Area 120
- Named after: 100% of time on 20% Projects
- Key people: Bradley Horowitz, Alex Gawley, Michelle Gonzalez, Balir Connolly, Gabor Cselle, Jackie Bernhelm, Elias Roman, Don Harrison
- Parent organization: Google
- Website: area120.google.com

= Area 120 =

Incubator for Google products

Area 120 is Google's in-house incubator in which employees work on 20% Project product ideas.

The Area 120 division was created by Sundar Pichai in March 2016 and has since spawned over 200 projects. The objective for the Area 120 program is to incubate products that "graduate" back to Google.

In November 2021, the division was reorganized under a new division called Google Labs (unrelated to the defunct service of the same name).

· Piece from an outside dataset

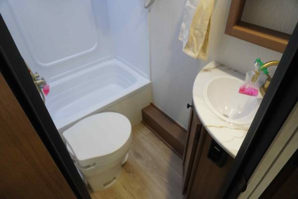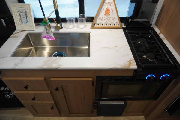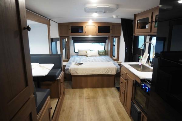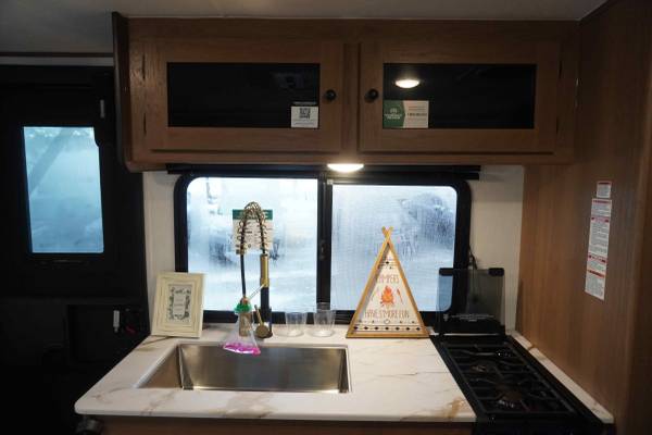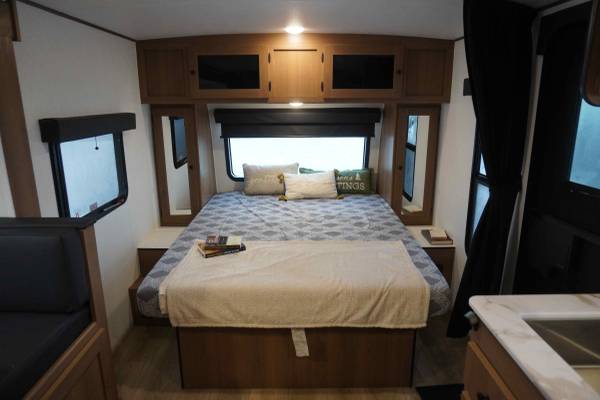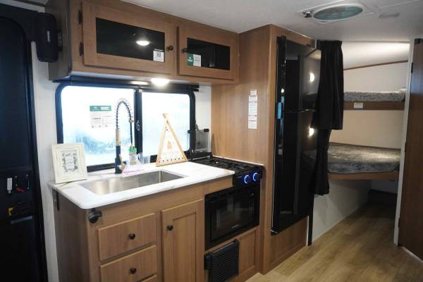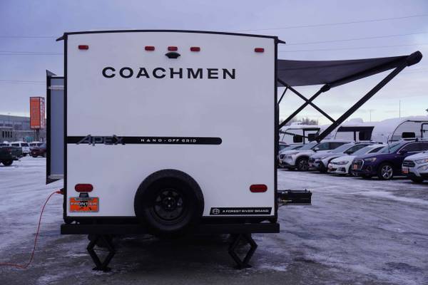 Built using Coachmen’s durable aluma-cage construction, dual Azdel laminated walls, and an I-beam chassis, the 208BHS is designed to handle Alaska’s conditions with confidence. A 400W solar panel with a 30A controller, hot/cold exterior shower, stabilizer jacks, power awning with LED lighting, and a high-velocity roof vent all come standard. Inside, you’ll appreciate the Congoleum flooring, seamless countertops, matte black hardware, and hand-crafted bathroom medicine cabinet that add a residential feel to your home on wheels.

Area 120 was significantly reduced as part of Google's January 2023 layoffs.

== Notable products ==
The program has funded more than 200 different ideas from Google employees. Notable product experiments which have emerged from Area 120 include:

- Aloud - an AI-powered dubbing solution for video creators. Graduated to YouTube in 2023 where it evolved into YouTube auto dubbing.
- Tables – a collaborative database program comparable to Airtable. Graduated to Google Cloud.
- Reply – an Android app which allowed users to insert pre-defined replies (called "Smart Replies") into conversations on messaging apps on their phone.
- Stack – an Android app that digitizes personal documents and extracts key information.
- Gamesnacks – an HTML5 games platform for mobile websites.
- Keen – a competitor to Pinterest.
- Byteboard – a product that interviews software engineering candidates. Spun out into a separate company in Oct 2021.
- ThreadIt – a short-form video communication service.
- Orion Wifi – a product letting businesses sell Wi-Fi capacity to wireless carriers.
- Shoploop – a video shopping platform.
- Touring Bird – a search tool for experiences in major cities. Graduated into Google Travel.
- Tangi – a short-form video site.
- AdVR – a product providing advertisements in VR.
- Chatbase – a conversational AI platform for building and analyzing customer service chatbots. Graduated into Google Cloud.
- AdLingo – a marketing platform for bringing conversational assistants into display advertising. Graduated into Google Workspace.

== Byteboard spinout ==
The Byteboard project was spun out from Google into a separate company in Oct 2021, due to Byteboard using Google employees as human evaluators of candidates for Google competitors, which raised ethical issues.